Yesterday, was a strong dollar day but it was also a euro weakness day as the euro recorded 12-year and 8-year lows versus the USD and GBP respectively. I think what we are seeing here is an emergence of the eurozone as a current account surplus trading bloc whose balances are offset by deficits in the UK and the US. Over the longer-term, these imbalances are not sustainable politically or economically.
The last numbers I saw out of the UK were from early February showing the UK deficit unexpectedly widening to a 4-year high. That makes the UK trade deficit the largest since the coalition government came to power, and helps put their re-election hopes in peril. What does the Bank of England do in the face of this persistent current account deficit? I don’t know but it is clear that the UK trade balance is hurting from a weak euro.

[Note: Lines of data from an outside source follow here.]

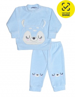 Костюм ясельный из велюра, состоит из лонгслива и брюк на резинке. Модель с длинным рукавом на манжете и воротником-стойкой. На лонгсливе накладной карман с вышивкой-аппликацией. Застежка на кнопках существенно облегчает переодевание ребенка. В таком костюме малыш будет чувствовать себя свободно и комфортно.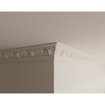 De Decoflair E25 sierlijst heeft een sierlijk profiel met details die zijn geïnspireerd op vormen uit de natuur. Dat geeft je kamer een klassieke uitstraling. Je gebruikt de lijst als overgang tussen muur en plafond, maar ook om beschadigingen of oneffenheden netjes weg te werken.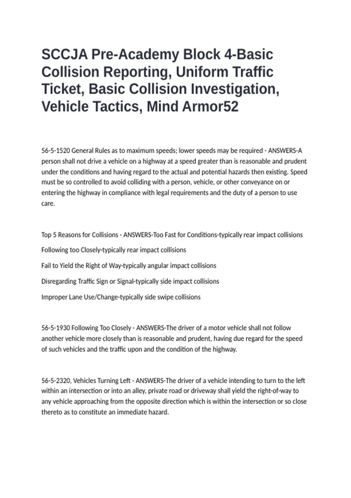 56-5-1520 General Rules as to maximum speeds; lower speeds may be required - ANSWERS-A
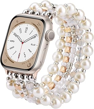 VISOOM Beaded Bracelet Compatible for Apple Watch Band 40mm/38mm/41mm/42mm Series 10 9 8 7 SE Series 6/5/4 Women Fashion Cute Handmade Pearl Beads Stretchy Watch Strap for iWatch Bands Series 3/2/1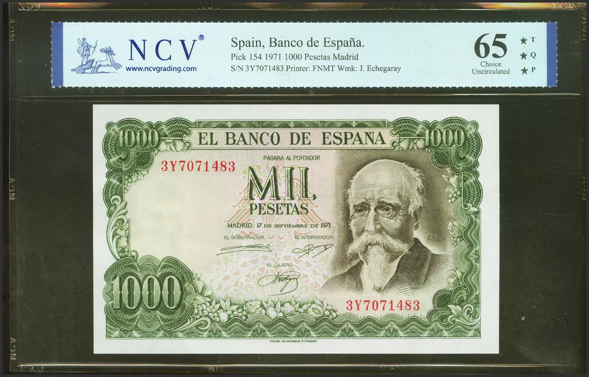 English 1000 Pesetas. September 17, 1971. Series 3Y. (Edifil 2021: 474c, Pick: 154). Unusual in this quality, original sizing. Uncirculated. NCV65TQP package.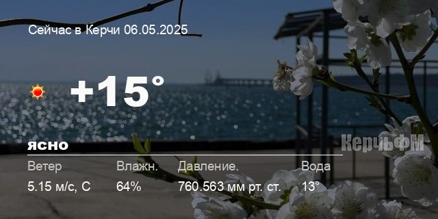 Сегодня днем в Керчи, 06 мая, ожидается ясная погода, температура воздуха от +11.3° до +16.9°С, ветер северный 6.21 м/с, давление 760.6 мм рт. ст., влажность 57%.

The Wall Street Journal’s Real Time Economics blog has a good chart on the USD portion of this. It shows the U.S. non-oil trade flows in inflation adjusted terms.
What I see in this chart is a persistent wide current account deficit since 2000 that was closed during the Great Recession, but opened back up again afterwards. In the next cyclical downturn, we will definitely see this gap close and the result will be a sucking of demand out of the eurozone economy, particularly Germany, which is export-dependent. Unless Europe gets its institutional structures in order by that time, this is going to be a big problem because it will mean large government deficits that do not work in a Maastricht 3/60 context. And we will be right back in the kind of crisis we saw in 2010. Currency devaluations buy time, nothing more.
Meanwhile, the euro is through the 1.07 level and trading at 1.0622. Dollar – Euro parity is not a fantasy any more. It is just within reach.